The Golden Bear took in memories of perhaps his last open.
The sceneoozedsymbolism, except that Jack Nicklaus, star of the moment, was focused elsewhere. As the Golden Bear scaled the 18th fairway at St. Andrews last Friday, with thousands loudly thanking him for the memories, Tiger Woods stood on the first tee, about to resume his clinic.
The best golfer ever, about to sign off on his British Open career. The game's new prince, readying to fill another scrapbook. If it weren't real, it would be a movie. But the guest of honor didn't see the big picture. Why, he didn't even see Tiger.
"He was where?" inquired Jack. "Off to the left, preparing to play? Wasn't aware of that. I don't play well enough anymore to think about other things. I was just trying to finish strong. I was just trying to finish, period."
This was Saturday morning, and golf's first family was packing up at Ruflets Hotel for points beyond. Jack had had a night to sleep on the love-in he'd hosted at the Old Course during his 37th British Open. For months prior, Nicklaus had been asked how he'd feel at the end. He said he'd cross that Swilcan Bridge when he came to it. Last Friday, he arrived, paused, removed his hat, waved, posed for pictures only because he was asked, brought son/caddie Steve up on the stone structure with him, then launched his approach to within six feet. Another ovation, although for some five hours, it had been impossible to identify where one round of applause ended and the next round commenced.

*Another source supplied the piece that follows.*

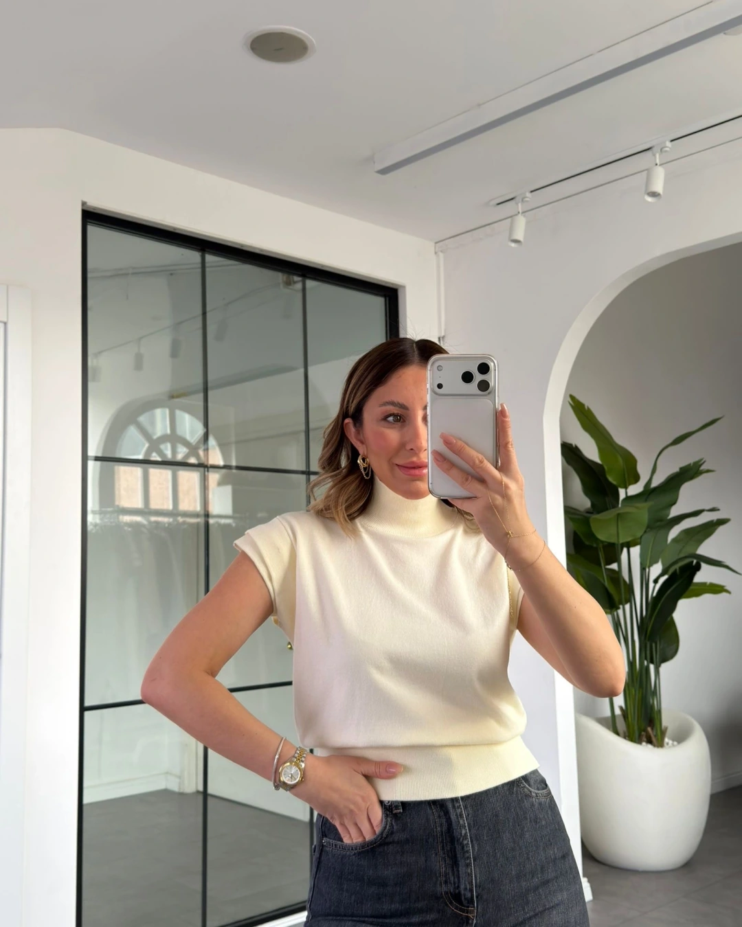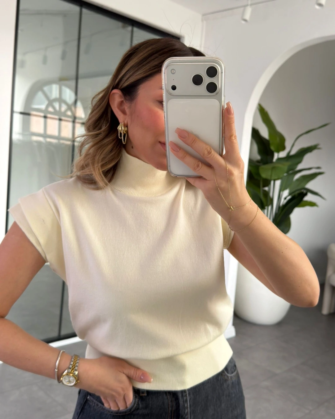 KREM KISA KOL TRİKO BLUZ

"Very nice," said Nicklaus. "It grabbed me right at the 18th, and I got a little emotional. But I'd rather be saying goodbye tomorrow instead of yesterday. I still enjoy playing, but I don't enjoy missing cuts."
When Nicklaus completed his initial career Grand Slam in 1966 at Muirfield, he was 26. Woods is only 24, with a better short game than Jack ever needed, and a better body than Jack ever imagined having. Nicklaus chased Bobby Jones, who assured that no golfer's résumé is complete without victory at St. Andrews. Now Tiger chases Nicklaus, who routinely gushes about the young genius. Jack doesn't hear footsteps. He worries about his own.
"I've always played with my feet," Nicklaus said. "You need them for balance, stability, and when they hurt like mine do, it makes it tough to walk 18 holes, let alone put a swing on the ball. I guess it's a common result from hip problems such as I had. And it affects everything."
Putting included. Jack didn't hit it that poorly through 36 holes, but 67 of his 150 strokes were with the short stick. He three-putted six times on Thursday. When he began Friday by draining a 30-footer for birdie, wife Barbara gave it that I-told-you-so smile from beyond the six-deep crowd at the ropes. "Jack's going to make the cut," said she. But, as a precaution, Barbara also accepted hugs and hosannas from friends and strangers. Gifts, too. Mementos.
Jack and Barbara observed their 40th wedding anniversary Sunday in London. Before they left St. Andrews, the men in blue blazers hinted the 2005 Open would return here. Would Jack? He didn't say a flat no. But he'll be 65 then, more ceremonial than now. On Wednesday, he participated in a wonderful exhibition with other past British champions. But that was four holes. He came here wanting four rounds.
"I can't keep going along like this," Nicklaus said the Saturday morning after. "Can't and won't. Surgery for the feet is an option, not for golf, but quality of life."
This is not a tragedy for Jack Nicklaus and the first family of golf. He is healthy from the ankles up, wealthy, alert and fulfilled. He leaves on his terms, well before he embarrasses himself or his legend. Some sports heroes stay too long, and the crowd yawns. Last Friday, everywhere the Golden Bear stepped, ever so gingerly, he was fussed over by these appreciative fans in golf's misty birthplace. When he has those feet worked on, he might also need shoulder repairs. He waved a thousand waves and then Nicklaus, the ultimate warrior, actually stopped on the bridge for shutterbugs. "In another time, before I mellowed, I wouldn't have done that," said Jack, chuckling. "But it's over. I'm pretty sure I've taken my last swing in a British Open."
And Tiger was a witness, off to the left. Where he will be when he's 60, who can say? But as a student and creator of golf history, Tiger will remember he was in the front row last Friday, when the Golden Bear tiptoed off the stage. The torch is in capable young hands, and Jack knows it.